Nearly a year ago I submitted an article to Holiness Today magazine. The title, 5 Things Your Teen Won’t Tell You. (You can read it here.)

I shared a story about our 2 year old’s hurt thumb. I compared how she responds and acts to how teenagers respond and act because there seem to be a ton of similarities.

What I didn’t realize.
That I would read my own words.
One year later.
And wonder who wrote them.

  • “Make my home a welcoming place.”
  • “I don’t really want you to be like me.”
  • “I want to be independent but I also want you to help me.”
  • “Notice when I’m guarded or struggling.”
  • “Celebrate the little things. They mean a lot to me.”

Did I write that?
Do I do that?

I ask myself things as I stare into my behemoth laundry pile (my own personal chaos monster).
How do I do these things consistently when they are consistently saying my name…over…and over…and over…again? Or, when we are running late and it’s mainly my fault but they’re not helping the situation by not wanting to put on their shoes. How can I celebrate the little things when the pinterest recipe I tried in an attempt to be a good mommy comes out looking like something straight out of Clark’s Christmas vacation?

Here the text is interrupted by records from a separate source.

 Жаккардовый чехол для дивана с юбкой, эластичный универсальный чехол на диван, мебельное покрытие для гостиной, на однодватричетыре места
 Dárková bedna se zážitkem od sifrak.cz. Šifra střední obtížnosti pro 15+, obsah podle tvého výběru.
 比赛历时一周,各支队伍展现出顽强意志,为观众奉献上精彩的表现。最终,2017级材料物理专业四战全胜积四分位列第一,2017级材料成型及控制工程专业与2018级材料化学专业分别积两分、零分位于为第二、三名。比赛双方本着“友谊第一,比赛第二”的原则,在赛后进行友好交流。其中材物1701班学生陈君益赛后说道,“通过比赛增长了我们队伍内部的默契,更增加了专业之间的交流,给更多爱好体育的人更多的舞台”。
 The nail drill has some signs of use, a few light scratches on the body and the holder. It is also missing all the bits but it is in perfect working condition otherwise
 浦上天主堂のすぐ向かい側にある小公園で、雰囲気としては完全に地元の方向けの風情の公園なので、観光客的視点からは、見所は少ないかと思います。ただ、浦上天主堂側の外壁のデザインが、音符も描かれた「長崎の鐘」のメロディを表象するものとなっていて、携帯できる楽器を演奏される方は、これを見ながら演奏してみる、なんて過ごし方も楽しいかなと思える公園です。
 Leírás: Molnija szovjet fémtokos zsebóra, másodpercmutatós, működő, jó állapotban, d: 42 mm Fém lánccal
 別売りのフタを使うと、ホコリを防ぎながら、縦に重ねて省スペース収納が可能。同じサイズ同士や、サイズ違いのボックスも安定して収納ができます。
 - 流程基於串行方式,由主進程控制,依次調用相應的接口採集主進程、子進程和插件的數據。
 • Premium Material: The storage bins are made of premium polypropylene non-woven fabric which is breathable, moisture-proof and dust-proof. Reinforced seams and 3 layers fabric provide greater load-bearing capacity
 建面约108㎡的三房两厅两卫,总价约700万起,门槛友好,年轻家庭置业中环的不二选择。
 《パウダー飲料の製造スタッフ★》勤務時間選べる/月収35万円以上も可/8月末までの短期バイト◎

I find myself trying so hard.
Even when Christ says, that we don’t really need to do that.
Our efforts are important.
But, being still and quiet at the center is what brings life to our efforts.
And grace can enter into these moments both shining and dark.

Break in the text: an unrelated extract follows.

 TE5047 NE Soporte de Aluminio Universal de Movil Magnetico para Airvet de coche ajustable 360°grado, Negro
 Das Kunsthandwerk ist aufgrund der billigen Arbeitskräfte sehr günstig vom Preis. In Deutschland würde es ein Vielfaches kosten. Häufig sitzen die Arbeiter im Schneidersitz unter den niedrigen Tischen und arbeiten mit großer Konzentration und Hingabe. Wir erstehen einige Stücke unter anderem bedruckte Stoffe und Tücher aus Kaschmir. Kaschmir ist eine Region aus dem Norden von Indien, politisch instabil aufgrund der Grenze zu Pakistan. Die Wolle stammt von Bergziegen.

We find ourselves beloved.

And we give everything we have to our spouses, our children, our jobs, our friends.
And we can afford to do so because we’ve already received all that God has to give.
In Christ.


The words I write are words that I actually believe and want to live. And I know the temptation is there to forget them, push them aside for worries, and leanings on my own understandings of how things should work. But God says, trust in the Lord.

With all of our hearts.
Acknowledging the Source.
In our ways.
He’ll guide us.
And help us to listen, to become a welcoming people, to be ourselves–our true created selves, to be helpers of our children, to be able to notice things outside of ourselves, and to celebrate the smallest of things. Because in those small things we find the essence of our lives. We find evidence of God’s great and unconditional love for each one of us.